Mixed workloads show nuanced performance characteristics. A web application with both quick database lookups and occasional heavy computation achieves best throughput with a hybrid approach: multiple processes (one per core) each running multiple threads for I/O concurrency.
Scalability Limits: Thread-based systems hit scalability limits around 1,000-10,000 threads per process, depending on available memory and operating system limits. Beyond this point, context switch overhead degrades performance. The operating system's thread scheduler struggles to efficiently manage thousands of threads.
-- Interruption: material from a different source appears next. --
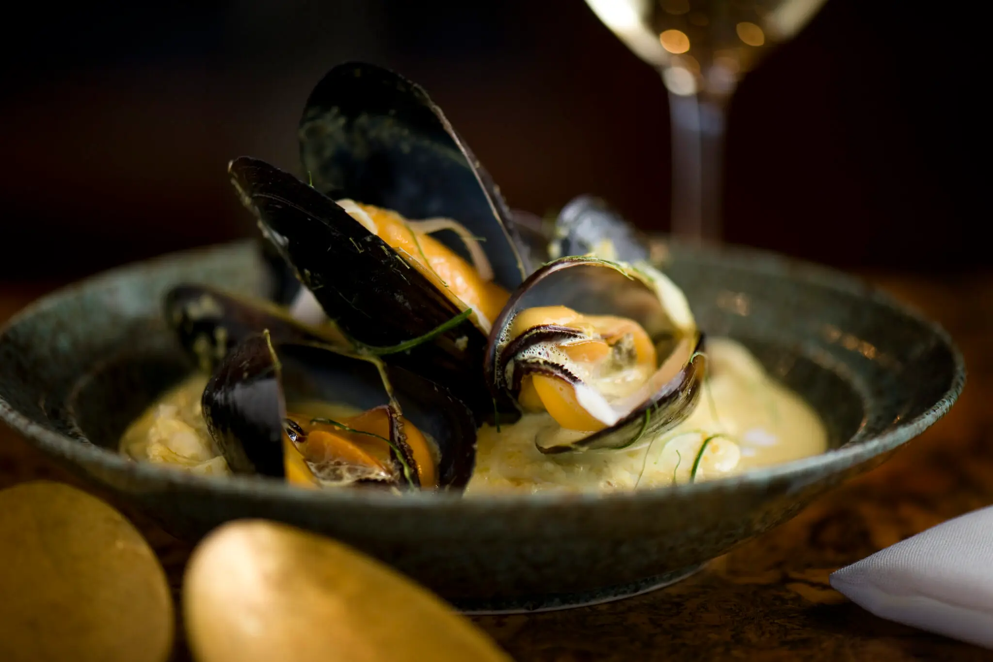 This long running downtown restaurant specializes in authentic Thai cuisine. Salathai (102-888 Burrard Street), a family-run establishment that first opened on Cambie Street in 1986, expertly prepares central Thai dishes that are elegant and flavourful. Tom yum soup (hot and sour broth with mushrooms, fresh lemongrass, lime leaf, and your choice of protein) makes for a soothing winter starter, followed by golden angel wings (boneless chicken wings stuffed with pork, shrimp, vegetables, vermicelli, and herbs and served with homemade sweet chili sauce and ground peanuts). Curries include the gaeng dang, a red curry with bamboo shoots, bell peppers, and Thai basil leaves with your choice of chicken, beef, or pork. Other standout dishes are the swimming rama (lightly sautéed spinach topped with sliced chicken and homemade peanut sauce) and the pad see-iew (stir-fried wide rice noodles in soy sauce with broccoli, egg, and black pepper). End with a deep-fried banana with homemade coconut ice cream.
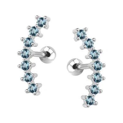 Curve Seven Stud CZ Earrings 316L Stainless Steel Ear Helix Conch Cartilage Piercing (Light Blue)

Process-based systems scale to hundreds of processes per machine before system resources become constrained. Process count typically limits to avoid memory exhaustion rather than scheduling overhead. Distributed systems scale process-based architectures horizontally across machines, achieving thousands to millions of concurrent workers.
Resource Contention: Threads sharing memory structures create contention. Multiple threads accessing the same Mutex serialize execution, creating bottlenecks. High lock contention under concurrent load can reduce throughput to levels worse than sequential execution:
# Contention example
mutex = Mutex.new
shared_data = []
threads = 20.times.map do
Thread.new do
1000.times do
mutex.synchronize do
# Short critical section but high contention
shared_data << Thread.current.object_id
end
end
end
end
start = Time.now
threads.each(&:join)
elapsed = Time.now - start
puts "Completed in #{elapsed.round(2)}s with high contention"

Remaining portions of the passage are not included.